Pinhas combat Midyane
L’acte d’héroïsme de Pinhas apaise la colère divine. Malgré son inconduite causant la perte de 24 000 âmes, Israël jouit de l’amour de D’ieu. Il demande à Mochè d’exécuter une dernière mission. “Exerce, lui enjoint-Il, sur les Midyanim la vengeance due aux enfants d’Israël, après quoi tu seras réuni à tes pères(1).”
Comprenant que sa fin dépend de cette mission, Mochè n’hésite pas à l’accomplir, heureux de laver l’affront fait non à Israël mais à D’ieu. Mochè attribue l’exercice de cette vengeance à la gloire de D’ieu.

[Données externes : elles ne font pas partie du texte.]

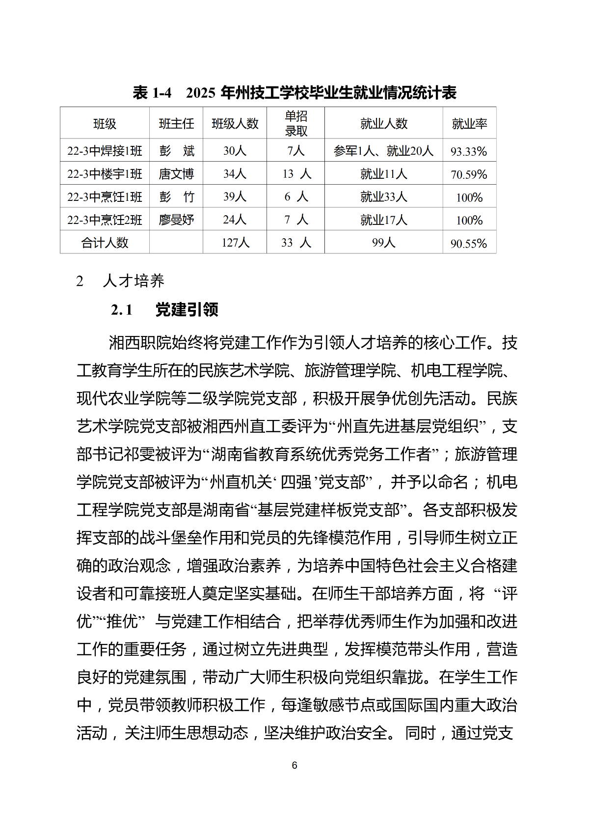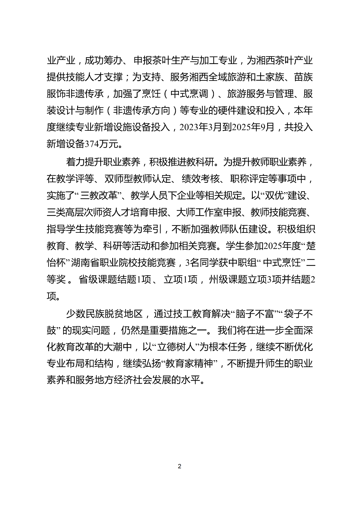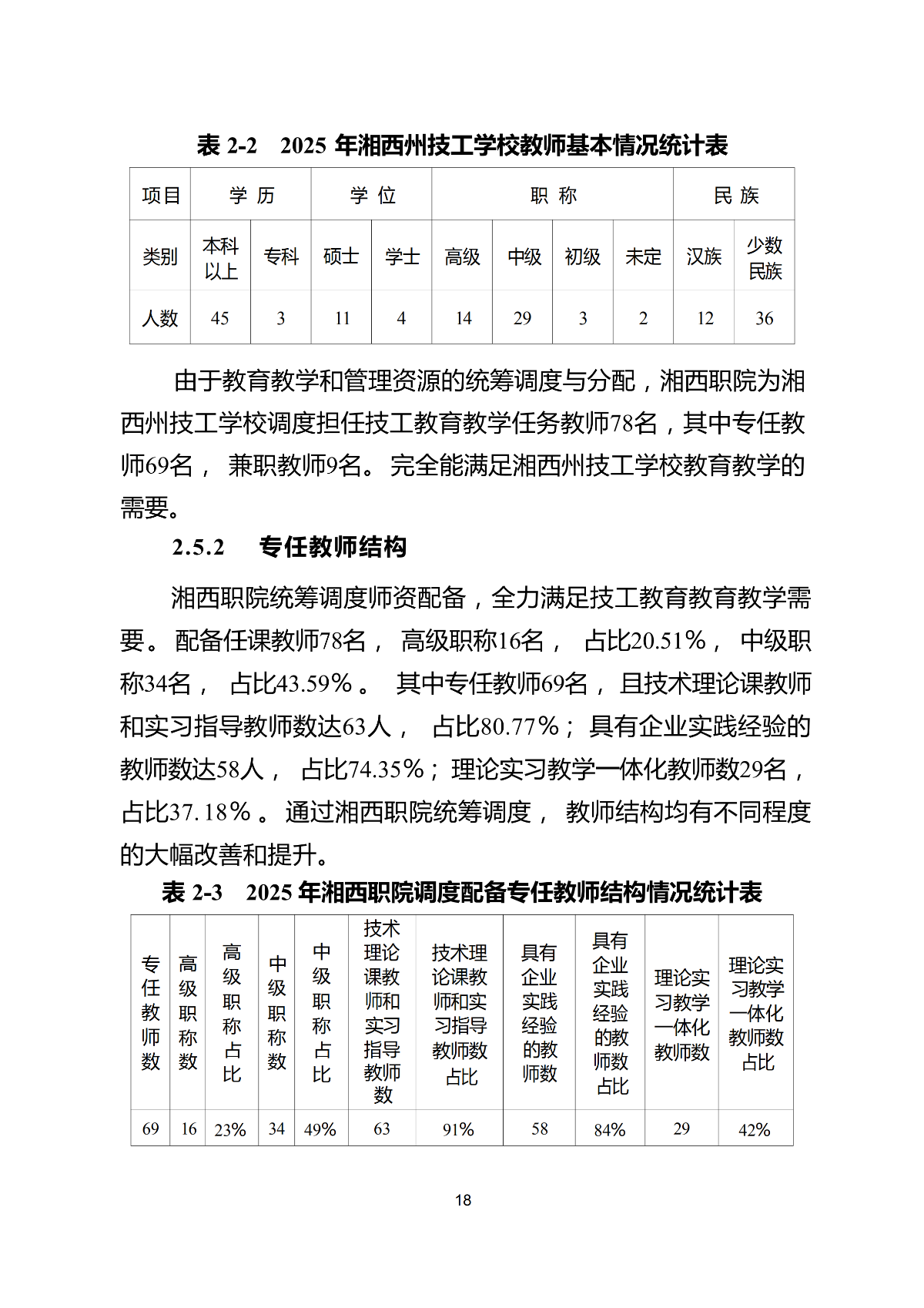 湘西土家族苗族自治州技工学校技工教育2025年度质量报告

Cependant Mochè se plaint de la condition d’Israël qui est l’objet de la haine des peuples. S’adressant à D’ieu, Mochè dit(2) :
“Maître du monde, si nous étions des incirconcis, des idolâtres ou des mécréants reniant les mitswot, [les autres peuples] ne nous haïraient et ne nous poursuivraient point. Nous le sommes, cependant, à cause de la Tora que Tu nous as octroyée.”

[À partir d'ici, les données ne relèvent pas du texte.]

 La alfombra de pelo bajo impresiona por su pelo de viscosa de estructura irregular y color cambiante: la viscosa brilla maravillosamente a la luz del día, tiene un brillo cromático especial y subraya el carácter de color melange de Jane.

Israël n’existe que pour la Tora; sans elle, il est absolument rien. Si les peuples l’attaquent, c’est uniquement parce qu’il appartient à D’ieu. La vengeance vise donc les ennemis de D’ieu.
Mais il est surprenant de voir la mort de Mochè dépendre de l’exercice de cette vengeance. Si Mochè voulait, il aurait facilement prolongé ses jours. Mais est-ce là le comportement d’un chef qui ne vit que pour le bonheur de son peuple?
Mochè ne saurait retarder justement la joie de voir les ennemis de D’ieu et d’Israël tomber. Mochè transmet différemment l’ordre divin à Israël. Il entend ainsi les inciter, non pas à renoncer à la vengeance pour le retenir plus longtemps, mais à réparer activement l’offense faite à D’ieu en adorant Péôr, la divinité de Midyane.
Cependant, comme le souligne Êts Yossèf, D’ieu tient à signifier à Mochè la gravité de sa faute. N’ayant pas réagi à la provocation de Zimri en défendant la gloire et le respect divins, D’ieu met un terme à sa mission avec l’attaque des Midyanim.
La mort de Mochè est imminente. Les Bénè Yisraèl, conscients du lien existant entre la vengeance et la mort de Mochè, refusent de partir en guerre contre Midyane. Ils tentent de retenir Mochè. Mais cédant à sa pression, ils consentent, bien malgré eux, à envoyer mille combattants, selon certains commentateurs, il s’agit de deux mille, par tribu.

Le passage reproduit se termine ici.